Super Micro Computer's stock price has suffered a severe decline as a result of this short report and auditor resignation, causing its price-to-earnings ratio (P/E) to fall to 13. This indicates a much lower earnings multiple than Palantir, which trades at a P/E of over 200. Investors worry that Super Micro Computer will need to adjust its financial statements due to inappropriate accounting practices, which may imply that the reported earnings are not as impressive as they seem.

The Better Investment: Which One to Choose?

Deciding between these two stocks is not an easy task. Neither of them presents an irresistible investment opportunity – rather, the opposite. Super Micro Computer has a low earnings ratio but surrenders to concerns about questionable accounting practices and reliance on the booming AI computing spending trend, which may or may not persist. Is there any redeeming quality to this business?
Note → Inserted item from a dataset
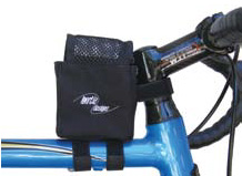 My 47 cm top tube doesn’t leave much room for a Triathlon type snack bag. But Inertia designs makes a Tri-Box in a size small which is only 3.5″ x 1.5″ x 3.5″ and weighs 1.25 oz. It’s lined with 14 oz truck tarp for extra stability and easy cleaning. It closes with a mesh flap and velcro closure. With this smaller adjusted size, and its added stability, I can come off the saddle and not have my thighs rubbing against the sides of larger, wobbly bag.

On the other hand, Palantir appears to be a thriving business. It has a rapidly growing revenue and impressive profit margins. Its stock trades at an undeniably high price, with a market cap of $100 billion and a P/S of 43. This situation reminds me of when Shopify stock traded at a P/S of 50 in 2021. Today, its stock is down by 52% from its all-time highs, despite its business continuing to expand at a rapid pace.

I will break my promise and offer a biased opinion: neither of these stocks is an ideal investment right now. The market offers an abundance of investment options. Avoid selecting those with excessive valuations or those with accounting fraud allegations, and you will be well-positioned for long-term success.

Given the current market trends and the performance of both companies, investing in either Super Micro Computer or Palantir requires careful consideration.

Palantir's impressive profit margins and strong financial performance make it an attractive option for those seeking high-margin investments. However, its stock's high valuation and concerns about its growth pace relative to its share price might warrant cautiousness.

In contrast, Super Micro Computer, despite its strong revenue growth and low P/E ratio, faces concerns about accounting practices and questionable allegations, which could impact its long-term prospects.

In the context of finance and investing, it's essential to consider a diverse portfolio and not rely on a single investment to yield significant returns. Therefore, it might be advantageous to allocate funds towards other investments that exhibit promising growth potential and a more balanced valuation.